Это спрашивал местный интеллигент, ухоженный и благообразный мужчина в безукоризненном деловом костюме, при галстуке и в начищенных ботинках, Дмитрий Иванович Франтов. Именно за внешний вид его называли интеллигентом. Франтов отвечал за санитарное состояние села, канализационное хозяйство. Всю зиму из многоэтажных домов прямо на мерзлую землю, снег и сугробы изливались нечистоты, замерзающие причудливыми и по цвету, и по виду образованиями. Весной, когда начиналось таяние, все накопившееся за долгую зиму начинало вонять. Эта вонь распространялась на большое расстояние от районного центра и доходила даже до мыса Аккани, отпугивая весеннюю нерпу. Все критические замечания в свой адрес Франтов пропускал мимо ушей, мило улыбался и тщательно поправлял галстук. Иногда осторожно тер аккуратно выбритую щеку и широко разводил руками, распространяя вокруг себя благоухание хорошего одеколона.
— Думаю, из-за того, что во главе колхозов ставили разных дураков, — добродушно ответил Миша Меленский.

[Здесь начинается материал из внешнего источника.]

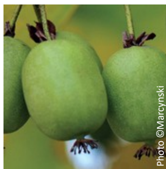
Kiwaï « Kokuwa » Autofertile Goût citron

— Это откровенная клевета на социализм, — твердо сказал Франтов. — Такому человеку не место в партии.
Меленского из партии исключили. На общем собрании коллектива и пайщиков кооператива «Нувукан», несмотря на увещевания посланца властей Франтова, уговоры и обещания щедрых кредитов, члены кооператива — чукчи и эскимосы — на этот раз оказались удивительно единодушными и оставили его на месте председателя, наотрез отказавшись рассматривать любую другую кандидатуру.
Казалось бы, радоваться окружным и районным властям: нувуканцы жили неплохо, не голодали, не стояли в очередях за наполовину разворованной гуманитарной помощью, даже пьянство у них не так бросалось в глаза. Сам Михаил Меленский демонстративно не пил, и это тоже бесило местное начальство, предававшееся этому виду расслабления весьма регулярно. С тех пор, как в результате демократических преобразований в России водку и вино стали продавать без всякого ограничения и местное население впало в беспробудное пьянство, трезвые члены кооператива и его глава как-то провокационно сзади выделяться из общей массы, буквально мозолили глаза.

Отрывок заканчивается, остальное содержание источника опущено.